Start woody species like hawthorns, some viburnums, prickly ash and the like in slightly moistened coarse sand/cocoa fiber in a plastic zip lock bag in the refrigerator. Keep the bag with seed in the refrigerator for two (2) months and then two months on the counter (shade counter) for two (2) months. (I started mine in October in the fridge and can sow the seed in a container outside in February.)

Perennials can be sowed any time from the winter solstice in December to January. Not all perennial seed requires cold moist stratification but most native species (like milkweed) do.

Annuals can also be sown outside but later in the year. I start my annuals outside in February or March. Any annuals can be sowed this way – vegetables or flowers.

Find a plastic container, such as milk jugs, vinegar jugs, soda bottles or deep foil pans with clear lids.

Native perennials or grasses do not need a top as long as you protect them from furry creatures but the “greenhouse” aspect of this method means there has to be a top on the container.

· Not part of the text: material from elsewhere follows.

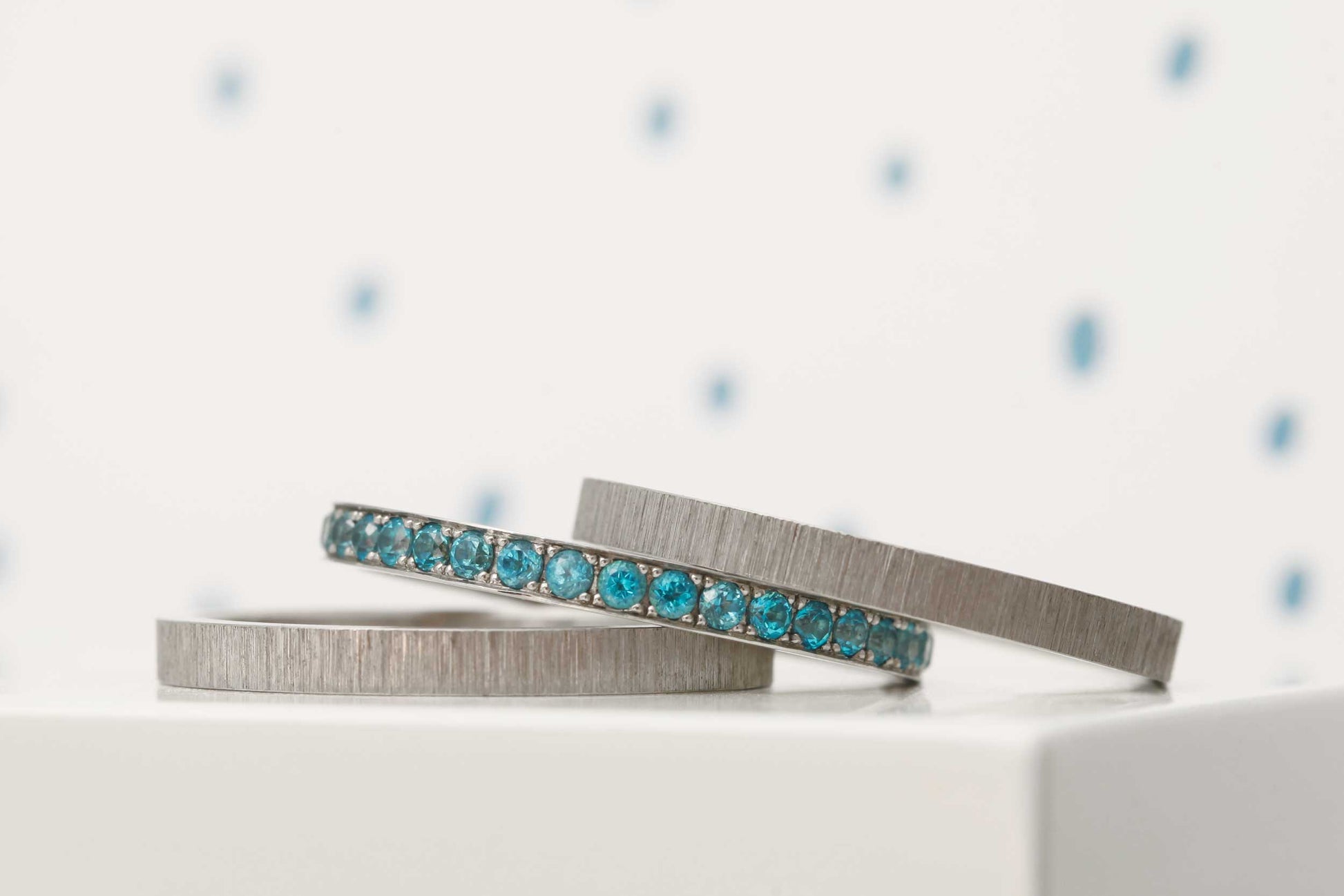 Ce coffret d'hiver comprend deux medium en acier froissé et un medium acier entièrement serti de topazes.

Poke drainage holes in the bottom of the container.

You will need to poke drainage holes in the bottom of the container as well as the top of the container. The bottom of the container needs to drain the water so the seeds don’t swim and the top requires holes so that water can seep into the container.

Fill the container with potting soil and sprinkle seeds on the seed starting soil mix.

I fill the bottom half of the container about ¼ of the way up the container with an organic seed starting mix with some cocoa fiber and worm casings. All you need is the seed starting mix but it dries out easily and there are no fertilizer in it. This mix should be good for the seed from the time you put it out to the time you open the container in the spring. Sprinkle the seed in the soil mix and then cover lightly with a soil mix and coarse sand. The coarse sand stops the seed from moving around when you do have to water it. Soil depth for covering the seed can depend on the seed but a light coat of soil seed and coarse sand should work for most seed.

Put the lid/top back on and secure with duct tape.

Many websites show the duct tape method but I jam the top of the container into the bottom leaving the opening of the jug open so there are plenty of openings and vents for air to circulate and water to seep in while keeping the “greenhouse” aspect when the sun starts to warm the seed.

Label the bottom of the container with the seed type and position the containers somewhere outside where they can get snowed on and are protected from the wind.

You can monitor the seed by looking into the jugs and open the jug during the spring on warm sunny days. After frost danger has passed you can divide the plants and pot them or plant them.